● **Problem details**:
Print out the data exactly, keeping every image out of it.
(Task input begins)
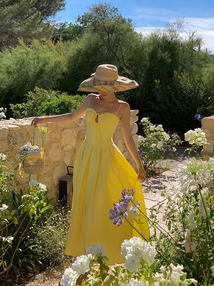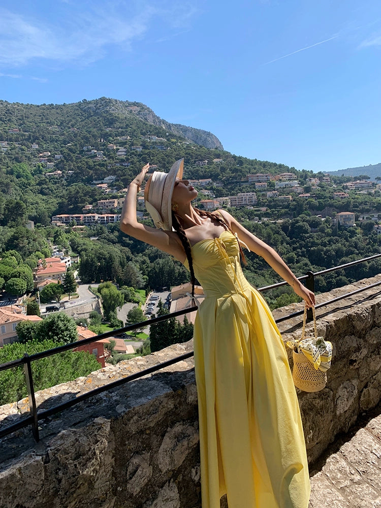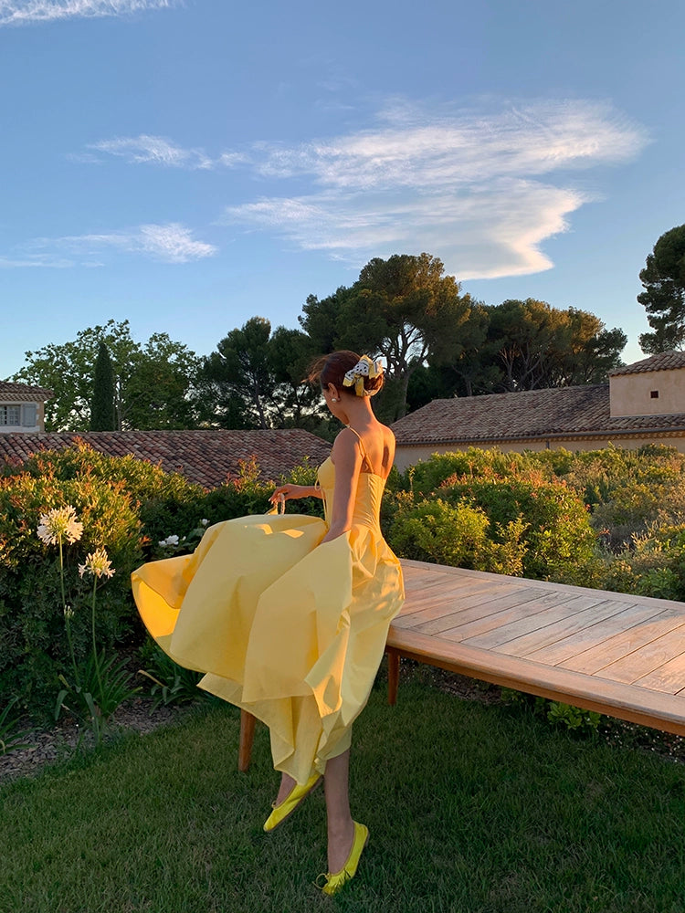 プリンセスリベル2.0サスペンダードレス女性の夏のお茶の休憩フランスの気質ウエスト締め細いAラインスカート
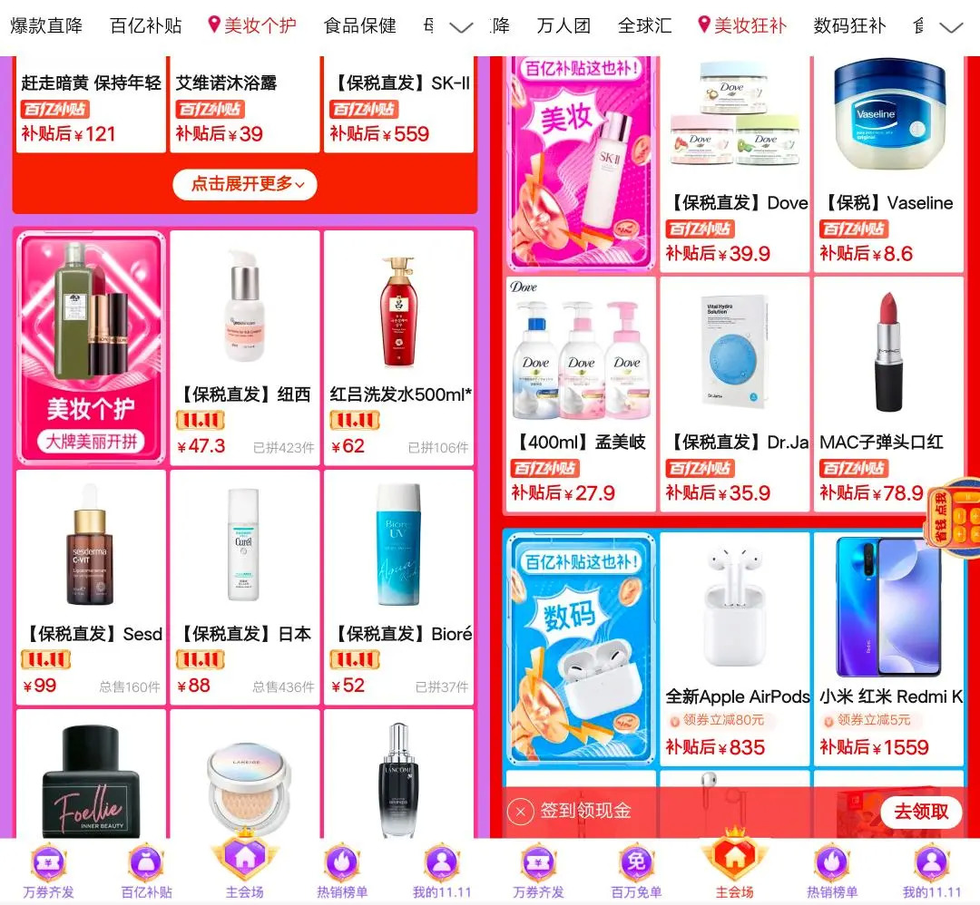 那么,在有了此前的准备后,他们在此次双11表现如何呢?我们且以美妆品类为例,就电商平台进行相应的分析。
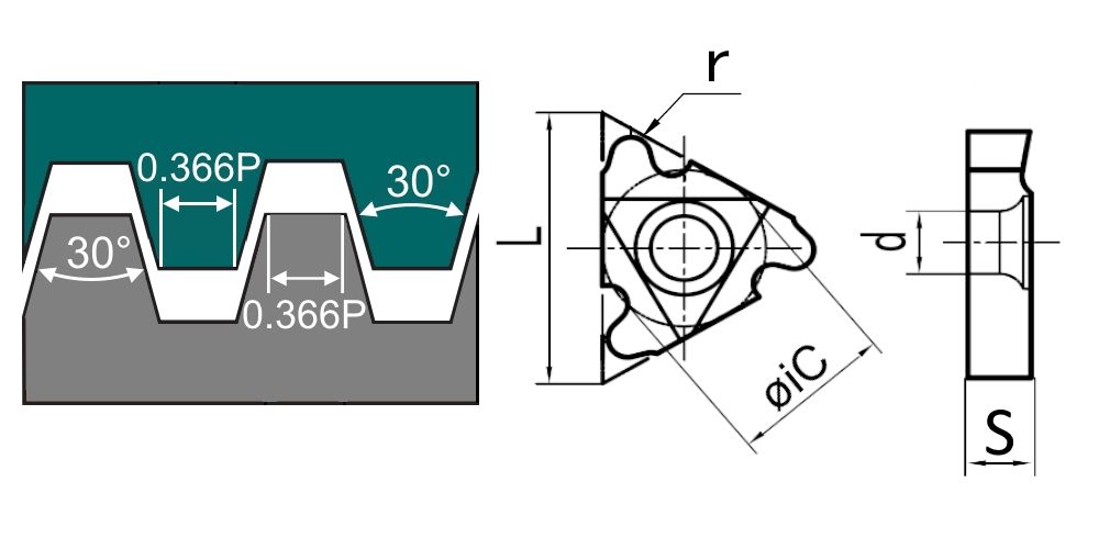 Сменная твердосплавная пластина 16NR-10RD-DM215 по металлу. Используется для нарезания круглой резьбы RD 30° DIN 405. Направление резьбы — IR/RN - внутренняя правая . Шаг резьбы — 10 ниток на дюйм. Обрабатываемый материал — P,M,K (Сталь, Нержавеющая сталь, Чугун).
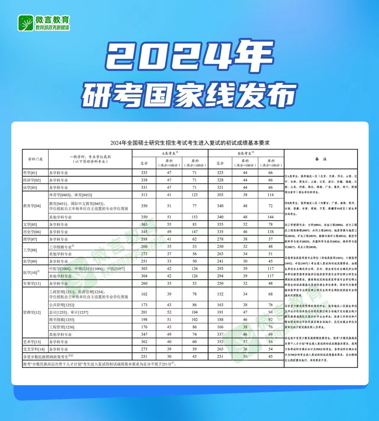 教育部同时发布《2024年全国硕士研究生招生考试考生进入复试的初试成绩基本要求》(国家分数线)。各招生单位根据《2024年全国硕士研究生招生工作管理规定》,在国家分数线的基础上,自主确定并公布报考本单位的考生进入复试的初试成绩要求及其他学术要求。
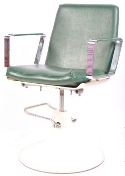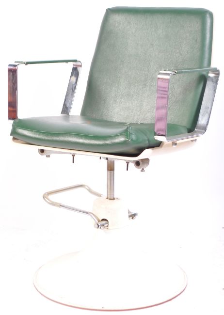 A retro vintage 20th Century industrial / medical doctor's examination chair / swivel armchair having a green leather upholstered cushioned back and seatrest. Chrome shaped armrests with all being raised on white metal tulip circular base with foot pump action lever. Measures approx 100cm x 57cm x 51cm.
(Task input ends)
● **Exercise response**:
 プリンセスリベル2.0サスペンダードレス女性の夏のお茶の休憩フランスの気質ウエスト締め細いAラインスカート
 那么,在有了此前的准备后,他们在此次双11表现如何呢?我们且以美妆品类为例,就电商平台进行相应的分析。
 Сменная твердосплавная пластина 16NR-10RD-DM215 по металлу. Используется для нарезания круглой резьбы RD 30° DIN 405. Направление резьбы — IR/RN - внутренняя правая . Шаг резьбы — 10 ниток на дюйм. Обрабатываемый материал — P,M,K (Сталь, Нержавеющая сталь, Чугун).
 教育部同时发布《2024年全国硕士研究生招生考试考生进入复试的初试成绩基本要求》(国家分数线)。各招生单位根据《2024年全国硕士研究生招生工作管理规定》,在国家分数线的基础上,自主确定并公布报考本单位的考生进入复试的初试成绩要求及其他学术要求。
 A retro vintage 20th Century industrial / medical doctor's examination chair / swivel armchair having a green leather upholstered cushioned back and seatrest. Chrome shaped armrests with all being raised on white metal tulip circular base with foot pump action lever. Measures approx 100cm x 57cm x 51cm.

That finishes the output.